AIM OF THE EXERCISE:
Go through the data below and transcribe it exactly. Omit the images.

DATA BELOW:
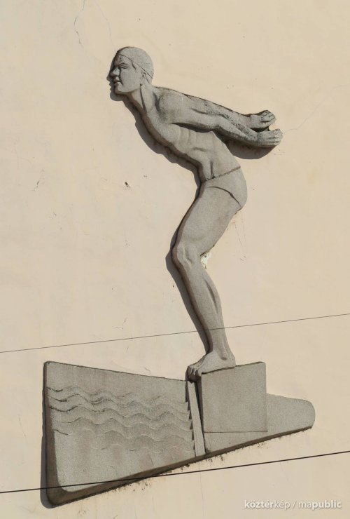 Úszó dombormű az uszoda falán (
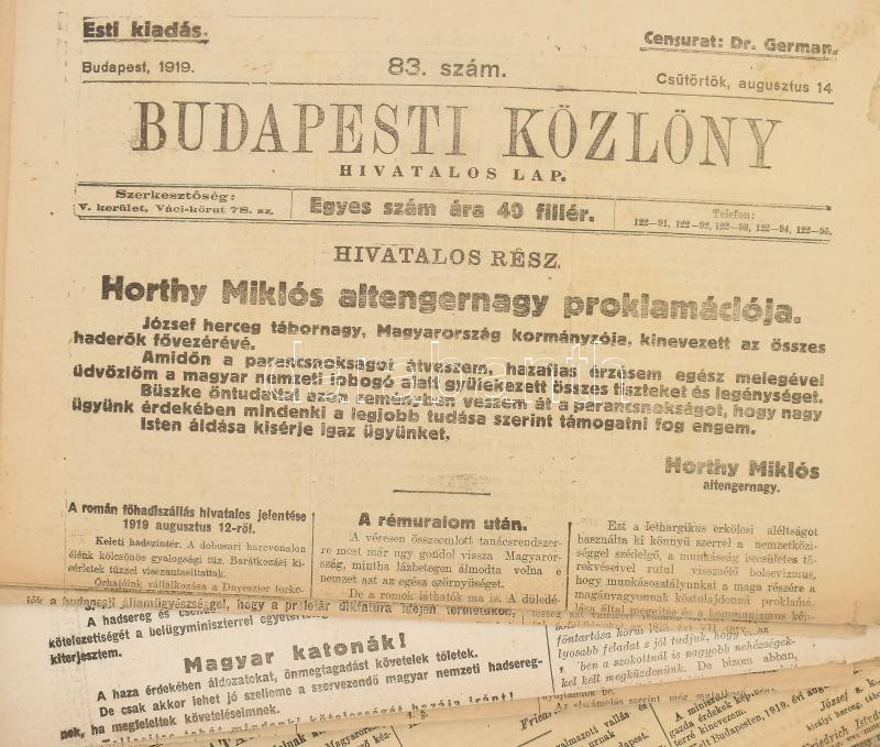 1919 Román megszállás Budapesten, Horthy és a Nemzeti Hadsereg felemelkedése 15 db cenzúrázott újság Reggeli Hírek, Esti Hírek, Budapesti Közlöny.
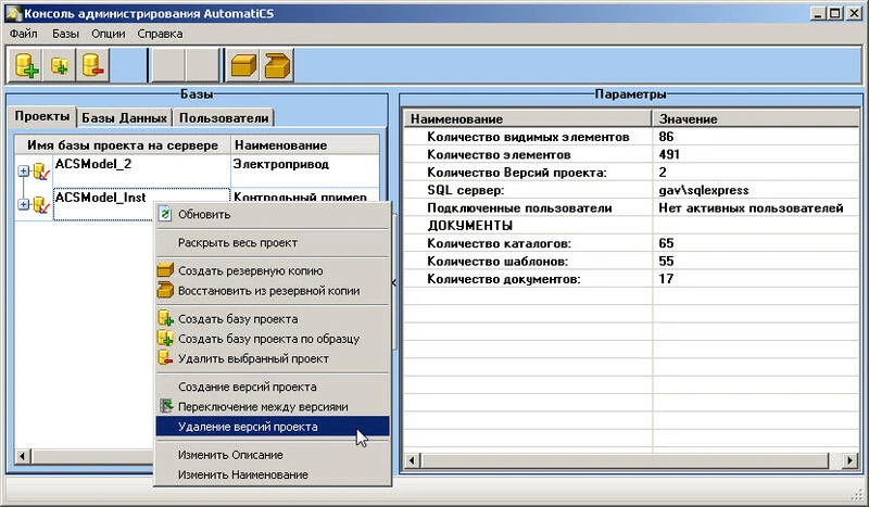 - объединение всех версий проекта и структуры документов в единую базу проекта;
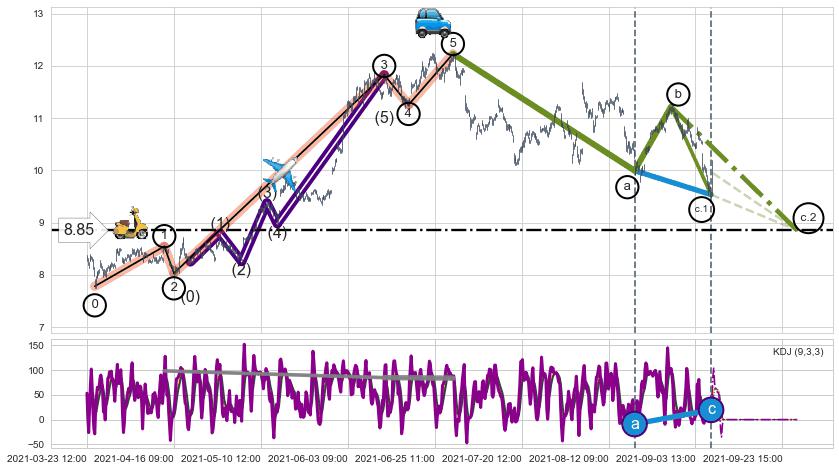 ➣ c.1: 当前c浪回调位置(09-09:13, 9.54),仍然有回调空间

TASK RESULT:
 Úszó dombormű az uszoda falán (
 1919 Román megszállás Budapesten, Horthy és a Nemzeti Hadsereg felemelkedése 15 db cenzúrázott újság Reggeli Hírek, Esti Hírek, Budapesti Közlöny.
 - объединение всех версий проекта и структуры документов в единую базу проекта;
 ➣ c.1: 当前c浪回调位置(09-09:13, 9.54),仍然有回调空间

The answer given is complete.